Quindi? Al di là dell’enfasi e della legittima soddisfazione per aver bloccato quattro persone che, comunque, avevano in mente qualcosa di poco chiaro, tra gli inquirenti c’è molta più prudenza. Perché a distanza di mesi dall’11 settembre, anni dopo l’offensiva fondamentalista prima in Francia, poi di Bin Laden contro gli obiettivi americani nel mondo, le conoscenze sul terrorismo islamico continuano ad essere poche. E non manca la confusione. Come l’idea che al-Qaeda possa essere una sigla terroristica, mentre in realtà è una sorta di "confederazione" del terrore che non ha in Bin Laden il capo assoluto, quanto piuttosto il simbolo. Spesso le informazioni sono confuse, approssimative. La collaborazione tra le polizie, i servizi segreti non è poi così soddisfacente, nonostante la proclamata guerra contro il terrorismo, mentre nei paesi arabi si scontano ancora molti ritardi, con la parziale eccezione dell’Algeria, che ha sempre fornito ai paesi europei, in primo luogo Francia e Italia le informazioni necessarie per individuare gli elementi del Gia e dei gruppi che sono sorti dopo la sua scissione.
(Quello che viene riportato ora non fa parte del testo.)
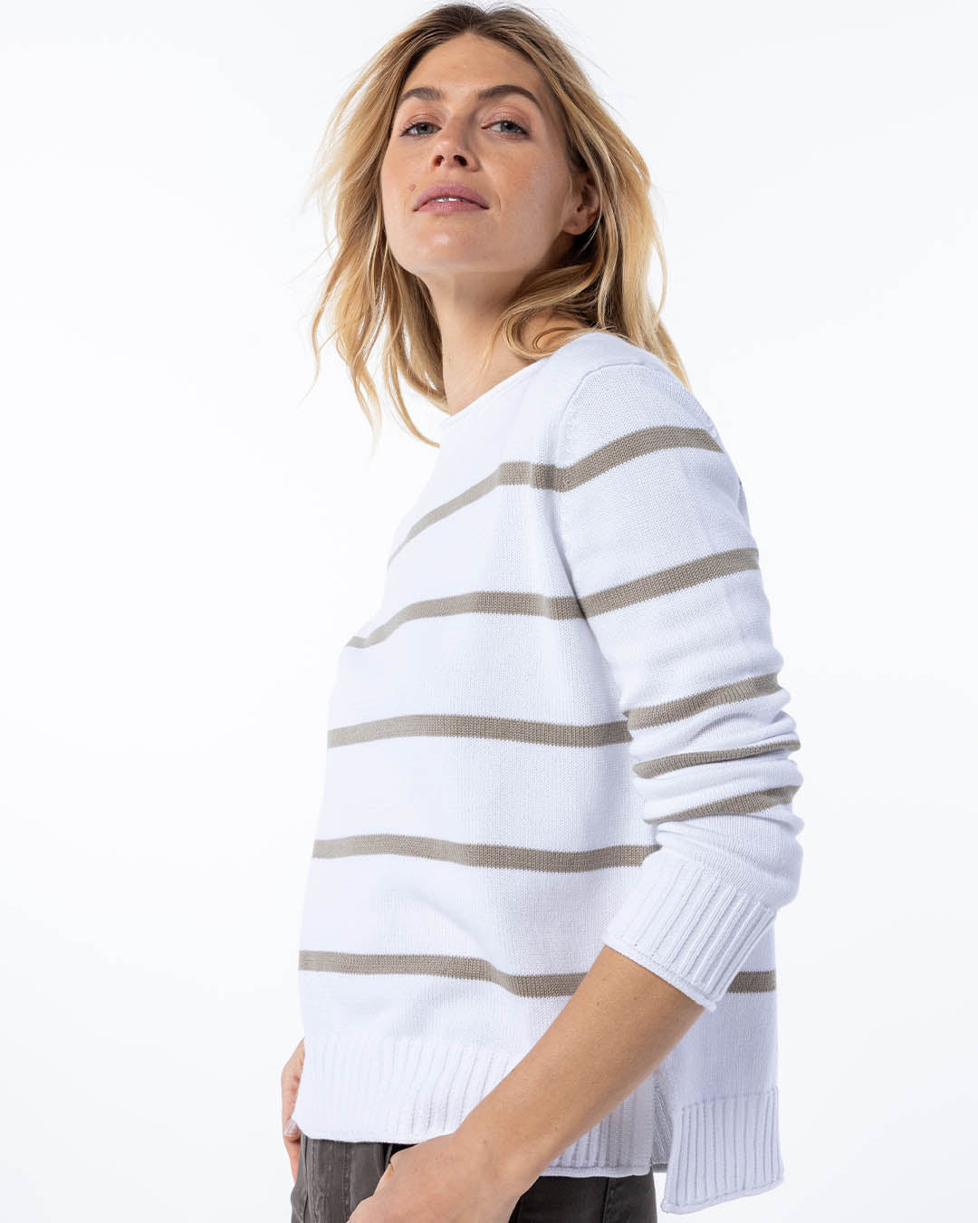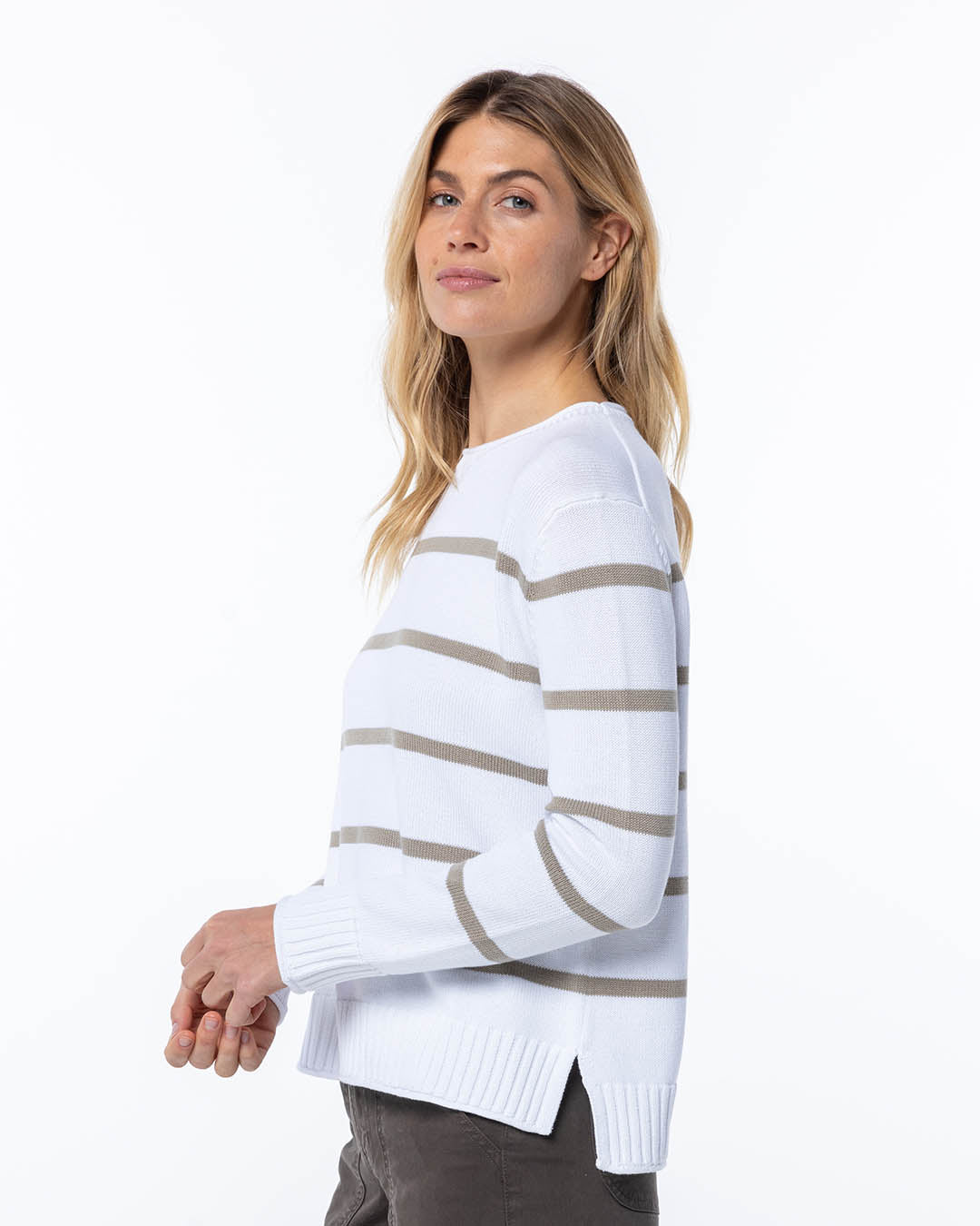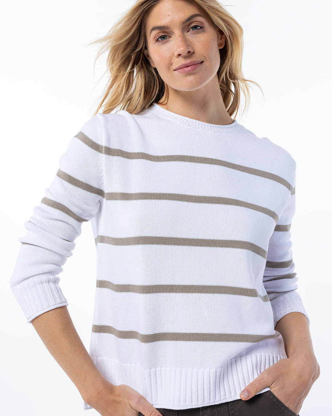 Whether you're strolling the beach or layering up on a crisp evening, the Everyday Cotton Crew is your go-to for year-round comfort. Made from 100% American-grown Supima™ cotton, this ultra-soft sweater features a relaxed silhouette, roll-edge details, and side slits for effortless movement. Available in classic solids and striped hues like navy/white and white/french blue, it’s a must-have for laid-back yet polished style.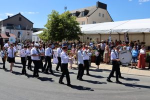 Erst ertönt ein dumpfes Trommeln, dann erklingen Klarinetten, Flöten, Trompeten. Während die auf der rue de Luxembourg in Contern versammelte Menschenmasse eine Gasse bildet, erscheint Luc Frieden, begleitet vom Conterner Schöffen- und Gemeinderat und den Klängen des „Feierwon“ zwischen den Kirmesbuden, die entlang der Hauptstraße aufgestellt waren. Ein freundliches Nicken nach links, ein Winken nach rechts, bis der Tross mit Luc Frieden in dem eben erst frisch von Bürgermeisterin Marion Zovilé-Braquet (CSV) eingeweihtem Dorfzentrum eintrifft.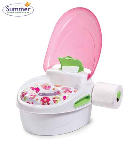 Thiết kế bô thông minh phần nắp bằng nệm êm có thể tháo rời. Bô cho bé trai có thêm miếng chắn. Chân cao su tránh trơn trượt. Có chỗ đựng giấy ướt và giấy cuộn. Đi kèm cẩm nang "Tập cho bé đi vệ sinh".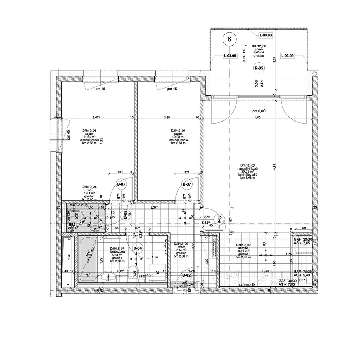 Az adatlapon megjelölt alaprajzi méretek vakolatlan falak közötti méretek, a kivitelezés során kismértékű méretváltozás lehetséges. Ezen dokumentációban közölt adatok a kiviteli tervek alapján kerültek megállapításra kizárólag tájékoztató jelleggel, nem minősülnek ajánlattételnek. Az alaprajzon feltüntetett bútorok tájékoztató jellegűek, azok rajzi elhelyezése nem feltétlenül tükrözi azok jövőbeni elhelyezhetőségét, illetve azok nem képzik a lakás részét.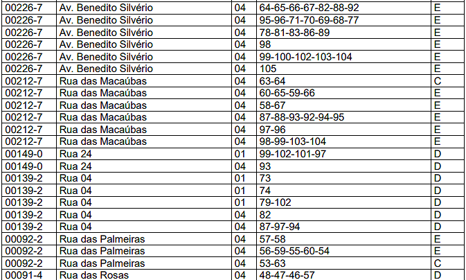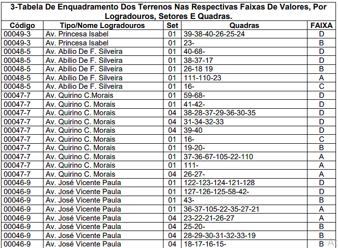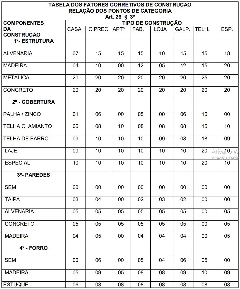 | ESQUINA/ MAIS DE UMA FRENTE | 1,10 | ACLIVE | 0,95 | FIRME | 1,00 |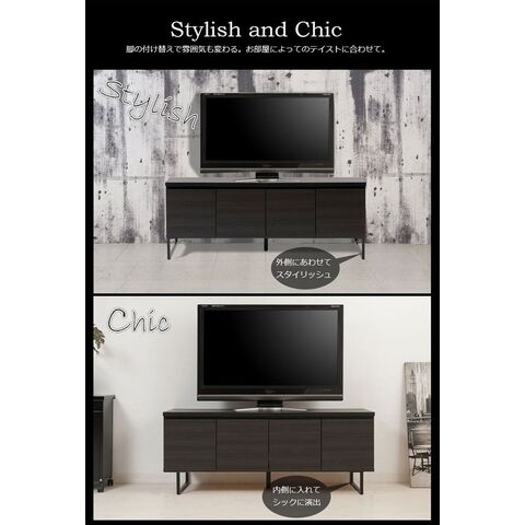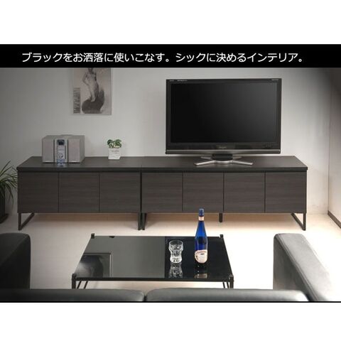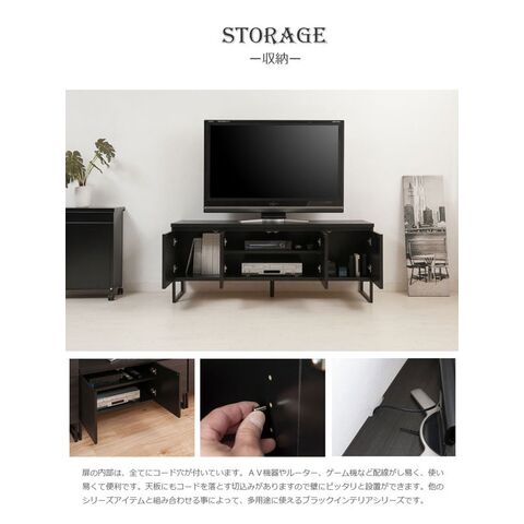 真っ黒なスチール製の脚部と天板下の隙間もブラックにしてデザインにこだわったブラックインテリアシリーズ。ブラックの木目が無機質なお部屋に温かみを与えてくれます。傷がつきにくい強化プリント紙を使用。テレビボードタイプは扉の内部全てにコード穴が付いており、AV機器やルーター、ゲーム機など配線がしやすく天板にはコードが落とせる切り込みもあり壁にピッタリと設置できます。扉はワンプッシュで開閉ができ、使い易さ抜群です。安心・安全の日本製。デザインだけでなく品質・機能にもこだわったシリーズはスペースや用途に合わせて全8タイプからお選び頂けます。シリーズで揃えればスタイリッシュでお洒落なリビング空間が完成します。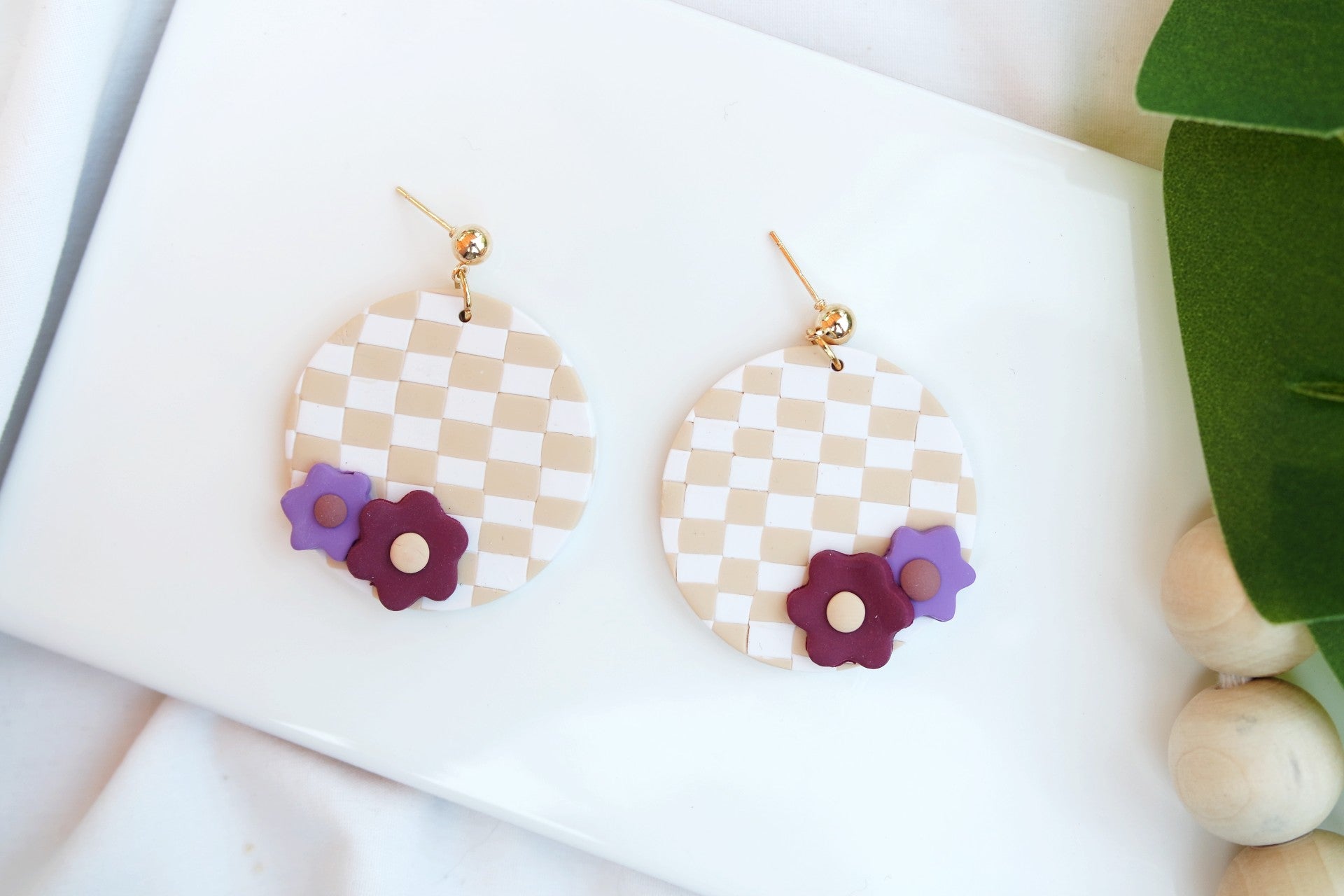 Cream and tan polymer clay dangle, worked into a checkboard pattern. With small flower detail.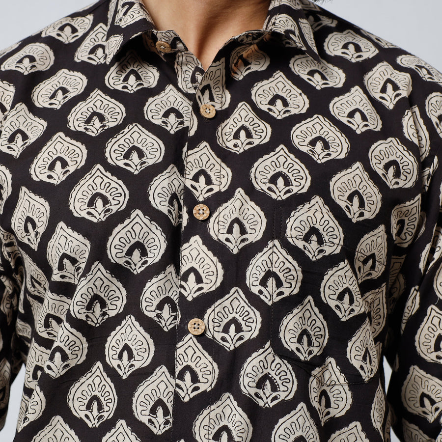 Fine quality black bagru block printed cotton men's full sleeve shirt. This shirt is made using natural dyes through a traditional mud resist process using hand carved wooden blocks practised in Bagru, Rajasthan.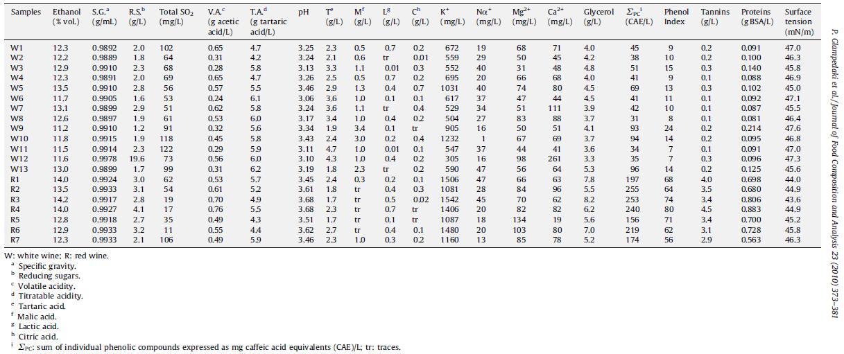 檢測(cè)到乙醇、蛋白質(zhì)和單寧對(duì)水性、水醇和模型葡萄酒標(biāo)準(zhǔn)溶液的表面張力有顯著影響,以及上述基質(zhì)之間的重要變化后,我們認(rèn)為繼續(xù)對(duì)真實(shí)葡萄酒樣品進(jìn)行研究很有趣。 我們的目標(biāo)是評(píng)估盡可能多的其他葡萄酒化合物對(duì)表面張力的影響,獲得統(tǒng)計(jì)相關(guān)性,最后,基于對(duì)葡萄酒表面張力的簡單測(cè)量,獲得基本釀酒參數(shù)值的預(yù)測(cè)模型。

Tra i tanti dubbi, una certezza: informative dei servizi segreti occidentali hanno fatto sapere che, al di là di Bin Laden, se non accadrà nulla tra breve in Europa potrebbe arrivare un’ondata di terrorismo di matrice palestinese. O meglio: di fondamentalisti che intendono richiamare la causa palestinese. In questa situazione di grave conflitto, di delegittimazione dell’Anp, di disgregazione del nascente stato, c’è chi preme per esportare il conflitto in Europa. Un modo per costringere la Ue, giudicata sostanzialmente inerte, a fare davvero qualcosa e non lasciare che le speranze di pace vengano sepolte dai raid di Sharon. Insomma, secondo l’intelligence, ci sono gruppi che di fronte ad uno scenario assai simile a quello sanguinoso degli anni Settanta, pensa che per uscire dalla crisi e ottenere aiuti sia necessario riportare anche in Europa quel periodo buio.